Other definitions include:
This 2014 paper defines cosc(x)
as the Hilbert transform of sinc(x)
, i.e. cosc(x) = (1-cospi(x))/(π*x) = 2sinpi(x/2)^2 / (π*x)
(where the latter formulation is free from cancellation error), citing a 1989 paper (that also defines a "zinc" function).
This paper defines cosc(x)
as the obvious but uninteresting cos(x)/x
.
That being said, d(sinc)/dx
seems to be the most broadly useful definition, now that differentiable programming is all the rage, especially because the naive derivative implementation is numerically unstable and a correct implementation is nontrivial.
I don't remember, but it's possible I got it from those very notes --- I probably learned about it in the context of windowing functions for image reconstruction. I'm pretty sure we used the derivative definition in the MRI lab.

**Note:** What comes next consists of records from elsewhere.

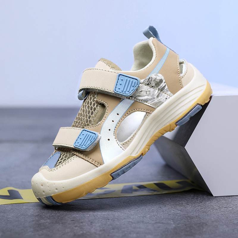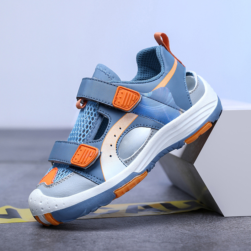 어린이 샌들 2023 여름 새 소년 중공 벨크로 스포츠 샌들 소형, 중형 및 대형 어린이 비치 신발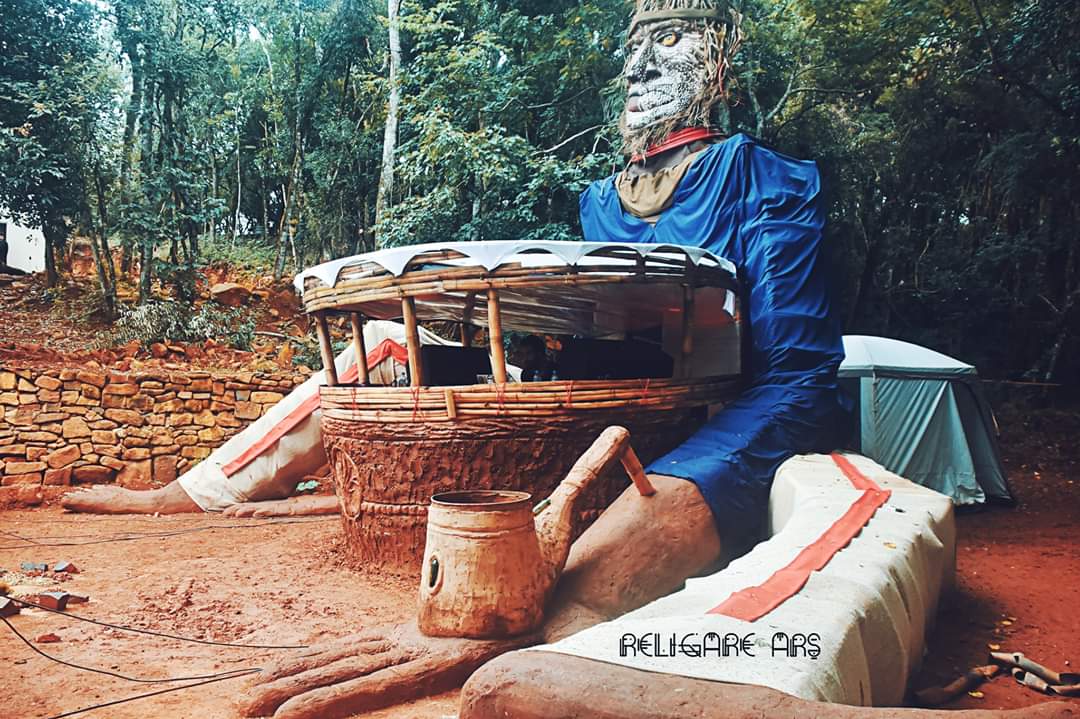 Ao lado do palco principal, foi construído com bioconstrução um sapo simbolizando o kamboo, medicina a qual se extrai o veneno do sapo e se aplica em pontos queimados do braço. Pelo Giovane Frigo, Romeu Barbosa E Bryan Genesse.
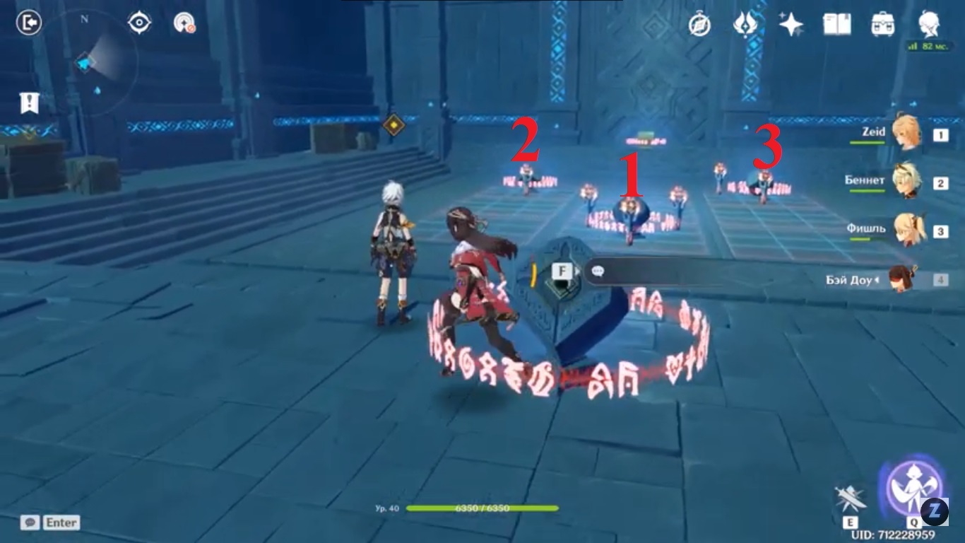Сначала вы увидите 2 куба, которые нужно активировать одновременно с Беннетом. Вы с этим справитесь и попадаете во вторую комнату со сложным секретом руин Эйа.

Just for the record, I found sinc
first in a recent paper A novel formalisation of the Markov-Dubins problem published robotic conference this year. It enables to model both straight and turn trajectory segments by a single equation.
@petvana, the sinc
function is totally standard (modulo two conventions about π factors) — it's only cosc
that I was wondering about.
The main motivation to use sinc function is its nice and smooth behavior around zero. However, the current implementation can produce results greater than 1 close to zero, and the results are not even monotonous.
Possible solution is simple:
However, this is not general enough for various data types, because the constant 1e-10 does not work for more precise data types.